– В каком смысле? – спросил он, изображая интерес. Кирилл думал в этот момент о своём, но его нельзя было винить: на работе возникли определённые трудности и, досадуя и тревожась по этому поводу, он не мог переключить мысли ни на что другое.
– Просто ничего, – ответила Добби, – вот ты сейчас поцеловал меня – и ничего, вот я сейчас обниму тебя, – она встала и, приблизившись к Кириллу, прижалась к нему, – тоже ничего, как к столбу подошла или к дереву. Так быть не должно. Это неправильно. Кажется, я тебя не люблю…
– Да что с тобой сегодня, детка? – удивлённо пробормотал Кирилл. – На солнце перегрелась что ли? Или гормональный перекос какой? С вами это иногда случается…
– Нет никакого перекоса. Я просто ничего не чувствую. – упрямо и сухо повторила Добби, уже зная, что разговор ни к чему не приведёт.
– А с чего ты вообще взяла, что должна чувствовать что-то особенное? Кто тебе сказал, будто любовь – это какие-то ощущения? – спросил Кирилл непривычно строго. – Да будет тебе известно, детка, любовь – это логика. Вот скажи, находишься ли ты в безопасности рядом со мной? Тебе удобно, комфортно? Тебя удовлетворяет как мы проводим вместе время? Тебе весело? Интересно? Нам хватает денег?
Добби пожала плечами. Всё вышеперечисленное её вполне устраивало.
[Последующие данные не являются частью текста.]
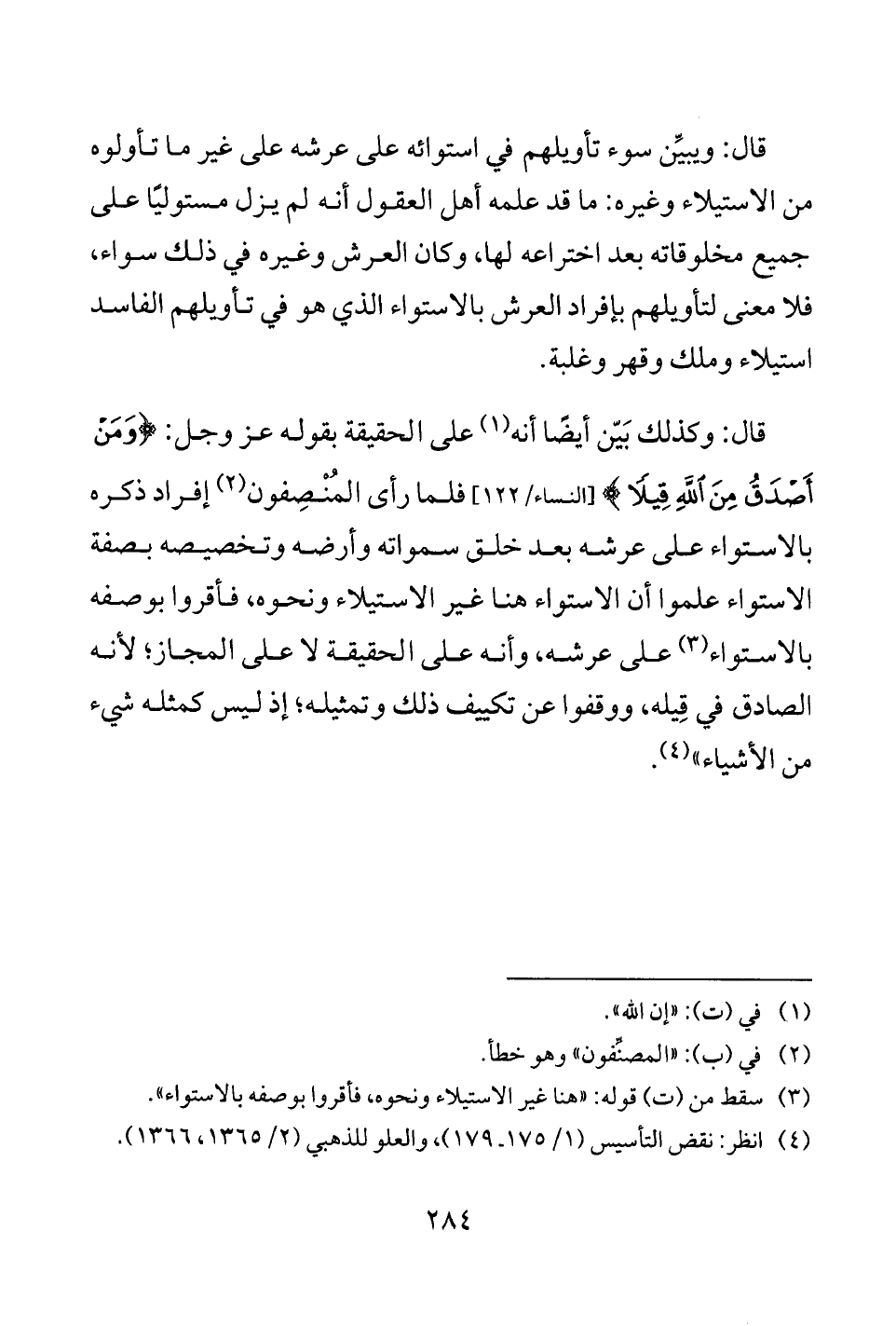 (¬4) انظر: نقض التأسيس (1/ 175 - 179)، والعلو للذهبي (2/ 1365، 1366).

Кирилл, судя по всему, подходящий партнёр для неё. Ей вполне хорошо с ним. Они ужинают по вечерам дома, рассказывая друг другу как прошёл день, или ходят куда-нибудь, в кино, в ресторан или в паб, заказывают коктейли или закуски, обсуждают культуру, политику, общих знакомых, беззлобно подшучивая над ними. У них с Кириллом сходные точки зрения по очень многим вопросам и даже совпадают вкусы в музыке и в еде, что весьма удобно в быту.
Немного поразмыслив обо всём этом, Добби произнесла:
– Да, Кирилл, пожалуй, ты прав. Будем считать, что я перегрелась на солнце. У нас всё хорошо. Так и должно быть.
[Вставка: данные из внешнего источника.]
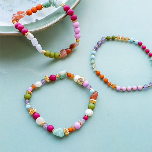 Create beautiful bracelets and a trendy phone cord with these acrylic beads in warm autumn colours. Use elastic cord for the bracelets and alternate the acrylic beads with, for example, natural stone beads, DQ metal beads, acrylic tube beads, faceted hematite beads and freshwater pearls. Design a phone cord with macramé cord and DQ metal beads. Finish the telephone cord with coloured key rings in the same shade as the acrylic beads

– Вот и славно, – сказал он, и снова чмокнул ещё в макушку, – давай ужинать, я голодный.
Добби загремела посудой.
– Почему ты сегодня позже, чем обычно, – спросила она, хотя это и не слишком её волновало.
– Да так, ерунда, – махнул рукой Кирилл, – сперва нужно было кое– что обсудить, а потом коллега в кино затащил, у него билет был лишний, спросил – пойдешь, ну я и решил сходить, расслабиться немного… На "Фантом". Может слышала?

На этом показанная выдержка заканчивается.